News Champions Cup

Team Carruthers passes the GSOC test in sophomore season

SHERWOOD PARK, Alta. — Reid Carruthers couldn’t believe it.

The table was set in the extra end for the Winnipeg native to win his first career Pinty’s Grand Slam of Curling title as a skip during the Humpty’s Champions Cup men’s final Sunday against John Epping at the sold-out Sherwood Park Arena Sports Centre.

Epping had just one exposed stone parked in the house while both teams also had rocks just hanging out at the top on the fringe, undetermined whether they would actually factor into play.

Carruthers threw his last shot and then came the dreaded words.

“Curl! Curl!”

It wasn’t a direct hit, catching just enough of the side of the counter to cause them both to split and spill as Epping lightly brushed Carruthers’s rock out of the house. A dejected Carruthers must have felt like a kicker missing a field goal and having to watch it sail wide right.

A measurement determined neither one of the top stones were biting the paint and were merely at the event horizon of the rings. They say curling is a game of inches, but in this case just half an inch would do. The blank meant the season would extend yet another end to determine the first-ever Humpty’s Champions Cup men’s victor.

“Derek (Samagalski) had made an unbelievable shot, which had basically won the game for us, especially if I had made that hit and roll or made the hit, obviously,” Carruthers said. “Just a little bit nervous. I was thinking a little bit too much when I was throwing the last rock. It’s a spot that curls, so instead of focusing on just throwing the rock good I thought about the fact that it was going to curl and I threw it a little more positive than I needed to.”

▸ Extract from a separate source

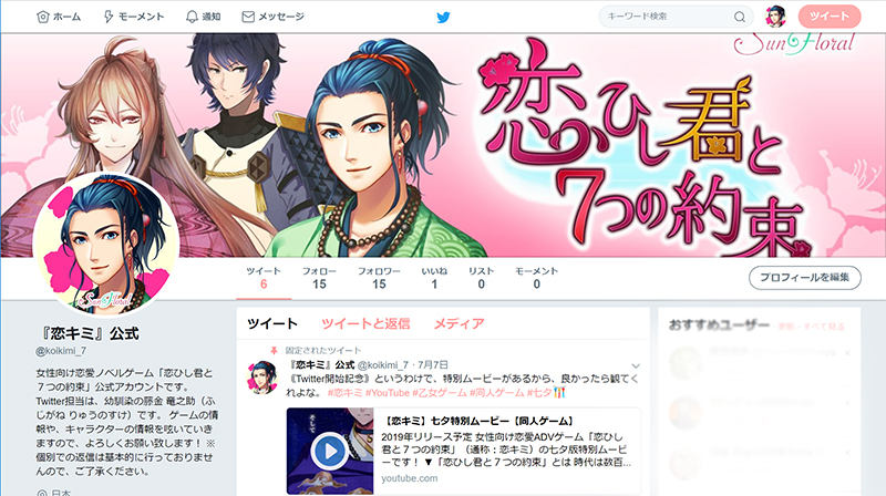 7月7日(土)より「恋ひし君と7つの約束」公式Twitterの運用を開始しました。

That could have been the deflating moment for Team Carruthers as they would have been left to dwell all summer about “what if?” It was their third Pinty’s Grand Slam of Curling final of the season and after coming oh-so-close the previous two times, they had to be wondering when would they finally win one.

Carruthers had claimed one before during his days playing front-end for legendary skip Jeff Stoughton when they captured the 2013 National. Following the end of the previous Olympic cycle in 2014, Team Stoughton split with Carruthers returning to skip, reuniting with Samagalski at second and adding two new members in third Braeden Moskowy from Saskatchewan and lead Colin Hodgson from Alberta.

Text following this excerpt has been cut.